The trial (NCT03280056), which has enrolled about 200 participants, is a randomized, double-blind, placebo-controlled study being conducted at six sites across the U.S., including three in California. Patient dosing is complete, and topline data is expected in the final quarter of this year.

The poster, “Advancing NurOwn for ALS: Phase 3 Clinical Trial Design,” was presented at the virtual Annual Northeast ALS (NEALS) Consortium.

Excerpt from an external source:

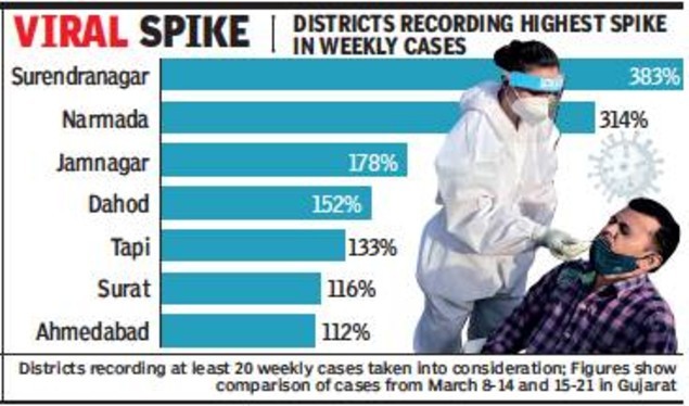 AHMEDABAD: Analysis of weekly cases in Gujarat reveals that the state recorded a spike of 82% in seven days – higher than the Covid-19 surge in the post-Diwali period. In fact, 10 out of 33 districts or 30% of the state districts at least doubled the cases. Only two districts – Anand (-9.8%) and Gir Somnath (-17.9%) – recorded negative trends, whereas 31 recorded rise in the cases.

“This pivotal study has been rigorously designed and powered to detect clinically meaningful effects of NurOwn in rapidly progressing ALS patients,” Stacy Lindborg, PhD, the poster’s presenter and executive vice president and head of global clinical research at Brainstorm, said in a press release.

NurOwn is a cell-based therapy that uses mesenchymal stem cells (MSCs) isolated from a patient’s bone marrow. These cells are capable of generating different cell types.

Patient MSCs are grown in a lab and transformed into cells that produce high levels of neurotrophic factors — compounds that promote nervous tissue growth and survival. The modified cells are then injected in the spinal canal of the same patient.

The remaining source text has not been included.